In spite of the above drastic changes, the sampling frame construction methodology for RDD samples has changed very little (if any) over the years. This note provides an overview of a research conducted to reexamine the underlying assumptions that were conducive to list-assisted RDD sampling against the ground realities of today. Specifically, the extent of undercoverage bias in traditional RDD samples is quantified while alternative methods of frame construction are introduced that aim to restore some of the lost coverage. Proposed alternatives are evaluated in light of cost implications that can result from adoption of more inclusive sampling frames, since such expansions will inevitably require additional resources for sample designs and survey administrations.

Introduction

A major breakthrough in telephone survey research methodology was introduced when the Mitofsky-Waksberg (1970) technique of RDD sampling was simplified to include only 100-series banks with at least one listed telephone number. As such, a two-stage cluster sampling methodology that entailed both operational and technical complexities was replaced by a single-stage epsem sampling method that could produce survey estimates with smaller sampling variances. Of note, these impressive gains were exercised at the expense of accepting a modest coverage bias that could be easily tolerated when time and cost saving considerations were kept in balance. Brick et al. (1995) had estimated that only 3.7 percent of all telephone households were not covered when the frame was confined to listed 100-series banks.

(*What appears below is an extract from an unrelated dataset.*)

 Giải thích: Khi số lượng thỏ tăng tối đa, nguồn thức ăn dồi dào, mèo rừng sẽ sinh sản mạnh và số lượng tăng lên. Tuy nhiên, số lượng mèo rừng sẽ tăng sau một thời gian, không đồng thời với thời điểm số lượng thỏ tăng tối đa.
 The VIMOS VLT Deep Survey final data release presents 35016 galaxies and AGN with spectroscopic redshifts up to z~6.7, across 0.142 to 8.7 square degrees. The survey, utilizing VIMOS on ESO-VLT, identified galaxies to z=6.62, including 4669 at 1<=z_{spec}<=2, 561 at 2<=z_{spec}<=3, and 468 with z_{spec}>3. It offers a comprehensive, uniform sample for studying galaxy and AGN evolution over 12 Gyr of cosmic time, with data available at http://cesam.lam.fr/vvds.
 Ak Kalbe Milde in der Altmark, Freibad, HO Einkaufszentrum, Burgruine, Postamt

Coupled with solid theoretical underpinnings with respect to design and estimation issues, as examined by a number of researchers including Casady and Lepkowski (1993), list-assisted RDD samples have served at the nexus of telephone surveys during the past three decades. In recent years, a number of studies have reassessed the efficiency of such sample designs in light of the changes in US telephony. For instance, Tucker et al. (2002) have concluded that now more than before list-assisted methods are important since it is becoming exceedingly more difficult to identify residential numbers. Nonetheless, the question that is the genesis of this research has remained unanswered: “How large is the coverage bias in current list-assisted RDD samples?” Other than anecdotal projections based on surveys designed for completely different analytical objectives, there has been no specific research in recent years to reassess the magnitude of this bias.

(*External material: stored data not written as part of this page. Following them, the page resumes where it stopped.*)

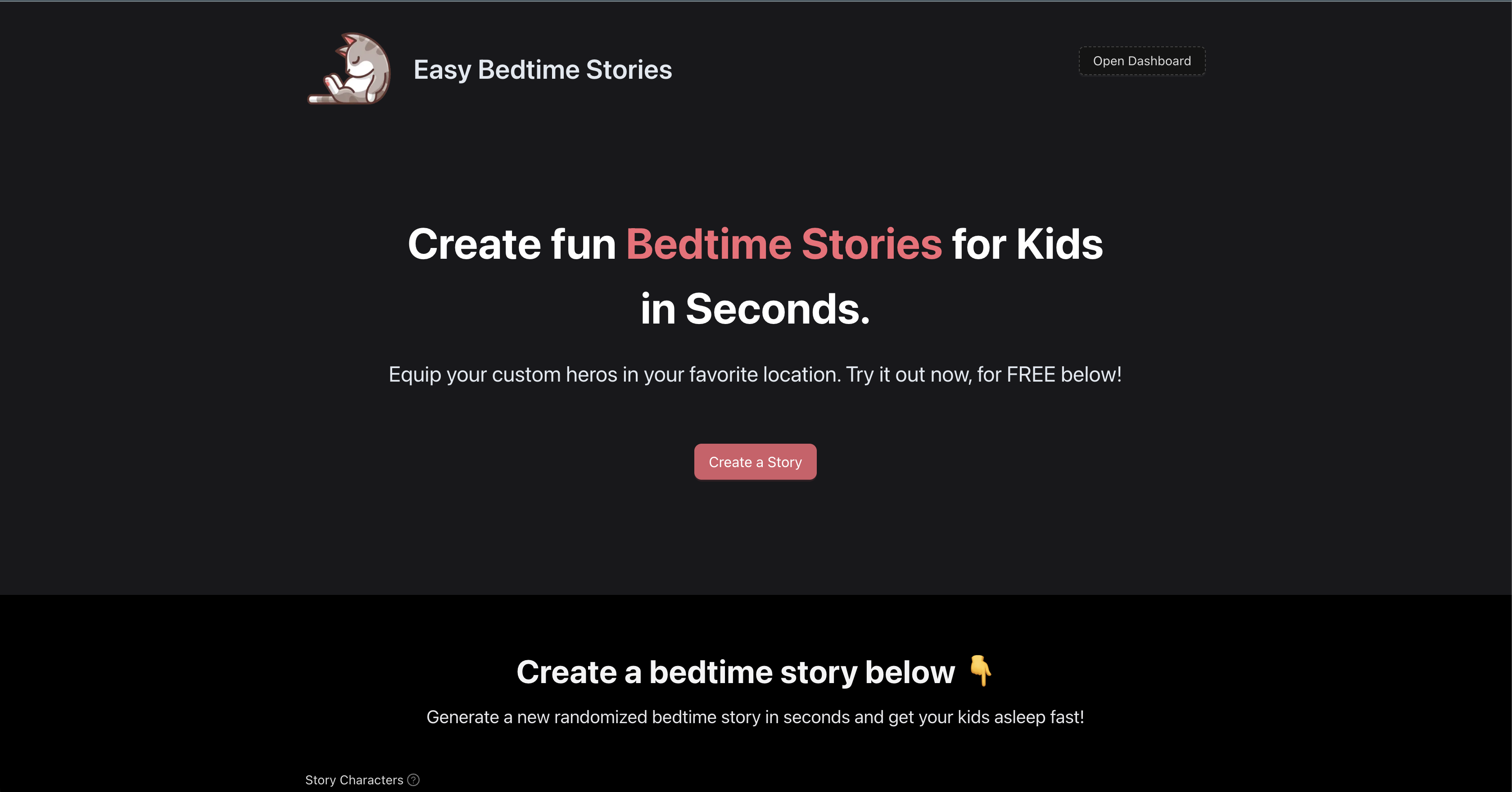 A quick hack with a good friend. Easy Bedtime Stories uses AI to build a customised bed time story to put your young ones to sleep fast. Frank Adler helped drive the idea and we wanted to jump on the OpenAI train to see how quickly we could build an AI business in this vertical.
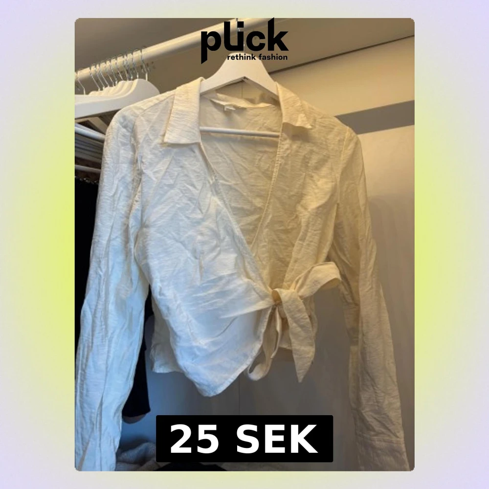 Säljer en stilren vit omlottblus från H&M i storlek S. Blusen har lång ärm, klassisk krage och knyt i sidan för en snygg passform. Materialet är lätt och känns skönt mot huden, perfekt för dig som gillar en clean och fräsch look.
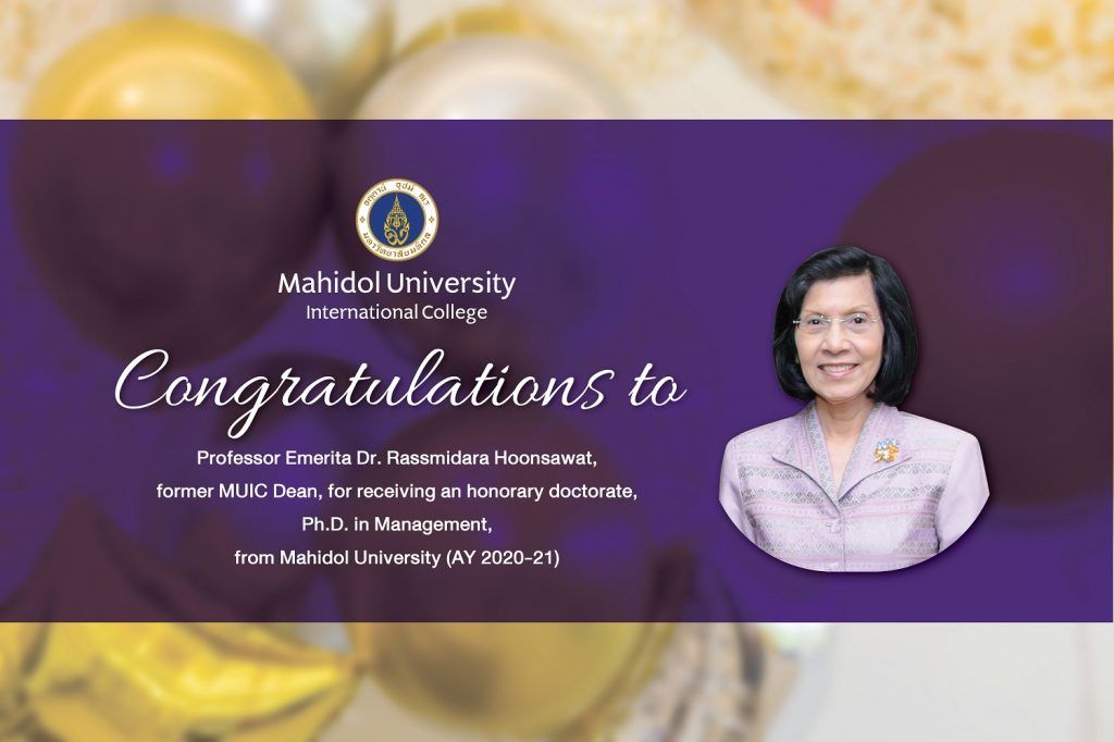 Congratulations to Professor Emerita Dr. Rassmidara Hoonsawat, former MUIC Dean, for receiving an honorary doctorate, Ph.D. in Management, from Mahidol University (AY 2020-21)

Research Methodology and Results

In order to provide a current estimate of the coverage bias in list-assisted RDD samples, Marketing Systems Group (MSG) selected a sample of 40,000 telephone numbers from three strata that collectively constitute the entire pool of available landline telephone numbers. The first stratum (Zero-Listed Banks) consisted of telephone numbers in 100-series banks that had no listed numbers but were part of telephone exchanges (NXXs) with at least one listed number; the second stratum (1+Listed Banks) consisted of telephone numbers in 100-series banks that had at least one listed number (complement of the first); and the third stratum (Remaining POTS) included telephone numbers in POTS 100-series and mixed-use banks with no listed numbers.

All sample telephone numbers were called a maximum of 9 times using MSG’s GENESYS-CSS attended screening service to obtain an initial disposition for each number. Subsequently, the pool of 2,722 numbers remaining CSS-undetermined (no answer or busy) were cross-referenced against available databases to determine a final disposition for each sample telephone number. Finally, the entire sample was weighted to reflect the employed stratified design before proper estimates could be developed for percent residential and other categories in each of the three strata. The following table provides a summary of the final disposition status for each stratum.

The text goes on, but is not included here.